**Data excerpt:**
----------
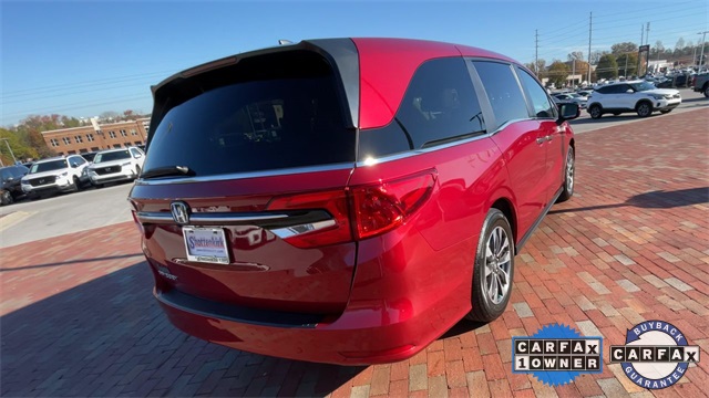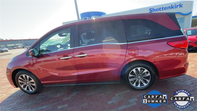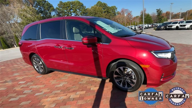 CARFAX One-Owner. Certified. 2024 Honda Odyssey EX-L EX-L Radiant Red Metallic II 4D Passenger Van 3.5L V6 SOHC i-VTEC 24V 10-Speed Automatic FWD This vehicle comes well equipped with 18" Machine-Finished Alloy Wheels, 3.61 Axle Ratio, 3rd row seats: split-bench, 4-Wheel Disc Brakes, 7 Speakers, A/V remote: CabinControl, ABS brakes, Adaptive Cruise Control: Adaptive Cruise Control (ACC) with Low-Speed Follow, Air Conditioning, Alloy wheels, AM/FM radio: SiriusXM, Anti-whiplash front head restraints, Apple CarPlay/Android Auto, Auto High-beam Headlights, Auto-dimming Rear-View mirror, Automatic temperature control, Blind Spot Information (BSI) System warning, Brake assist, Bumpers: body-color, Delay-off headlights, Driver door bin, Driver vanity mirror, Driver's Seat Mounted Armrest, Dual front impact airbags, Dual front side impact airbags, Electronic Stability Control, Exterior Parking Camera Rear, Four wheel independent suspension, Front anti-roll bar, Front Bucket Seats, Front dual zone A/C, Front fog lights, Front reading lights, Fully automatic headlights, Garage door transmitter: HomeLink, Heated door mirrors, Heated Front Bucket Seats, Heated front seats, Illuminated entry, Knee airbag, Lane departure: Lane Keeping Assist System (LKAS) active, Leather Seat Trim, Leather steering wheel, Low tire pressure warning, Memory seat, Occupant sensing airbag, Outside temperature display, Overhead airbag, Overhead console, Panic alarm, Passenger door bin, Passenger seat mounted armrest, Passenger vanity mirror, Power door mirrors, Power driver seat, Power Liftgate, Power moonroof, Power passenger seat, Power steering, Power windows, Radio data system, Radio: 160-Watt AM/FM/HD/SiriusXM Audio System, Rear air conditioning, Rear anti-roll bar, Rear reading lights, Rear seat center armrest, Rear window defroster, Rear window wiper, Reclining 3rd row seat, Remote keyless entry, Security system, Speed control, Speed-sensing steering, Speed-Sensitive Wipers, Split folding rear seat, Spoiler, Steering wheel mounted audio controls, Tachometer, Telescoping steering wheel, Tilt steering wheel, Traction control, Trip computer, Turn signal indicator mirrors, and Variably intermittent wipers.
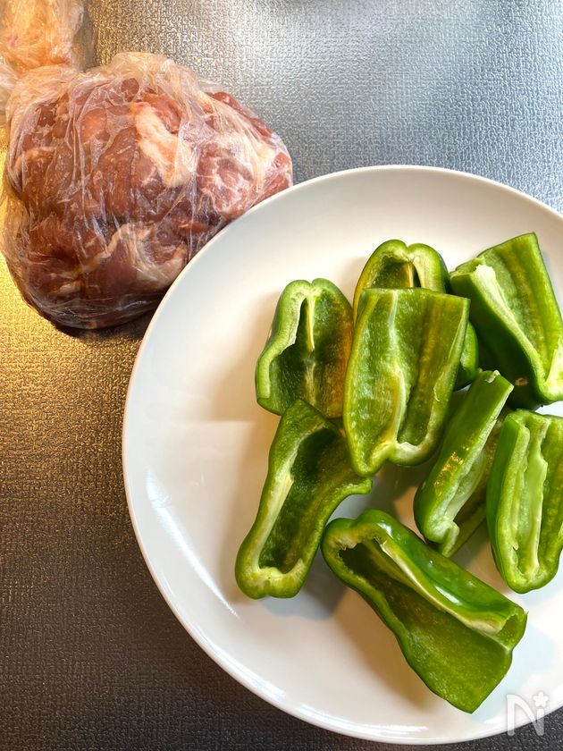 (1) ピーマンはヘタと種を取り、縦半分に切る。豚こま切れ肉と【A】をポリ袋に入れ、袋の上から揉み込む。
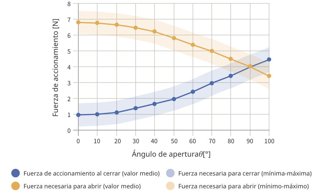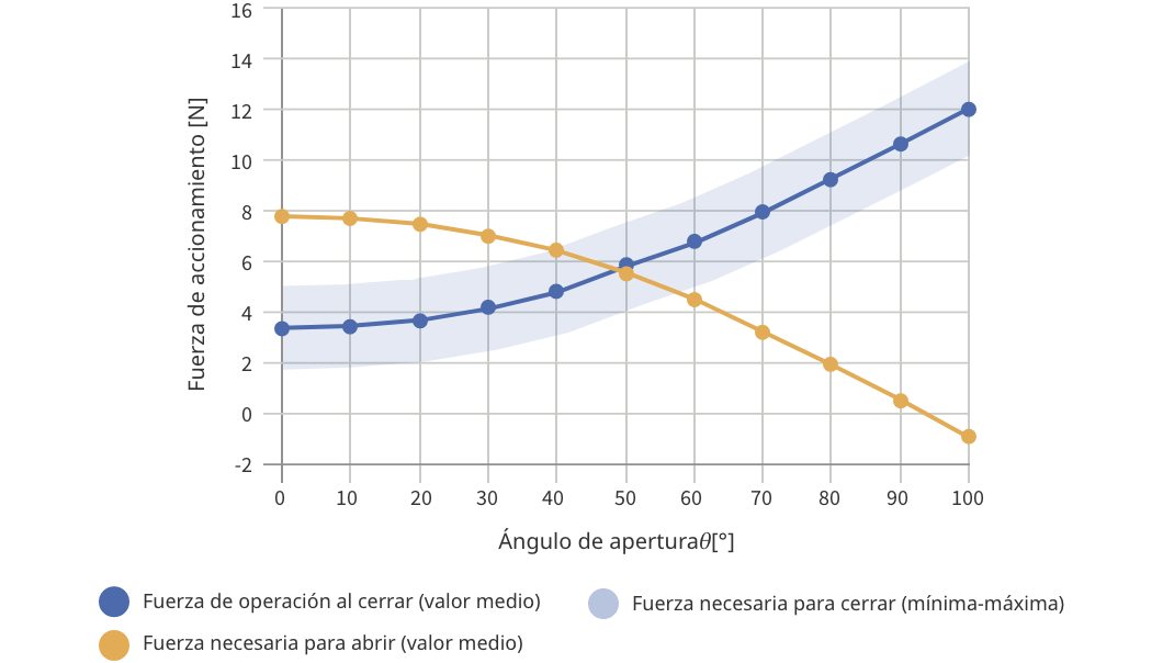 Cuanto menor sea el valor de la fuerza necesaria para abrir y cerrar, más ligera será la sensación al accionarlo.
----------
**What is expected:** Could you transcribe exactly the lines from the one with "(1) ピーマンはヘタと種を" through the end of the data, both ends included, and nothing else, skipping the pictures?

**Worked solution:**
 (1) ピーマンはヘタと種を取り、縦半分に切る。豚こま切れ肉と【A】をポリ袋に入れ、袋の上から揉み込む。
 Cuanto menor sea el valor de la fuerza necesaria para abrir y cerrar, más ligera será la sensación al accionarlo.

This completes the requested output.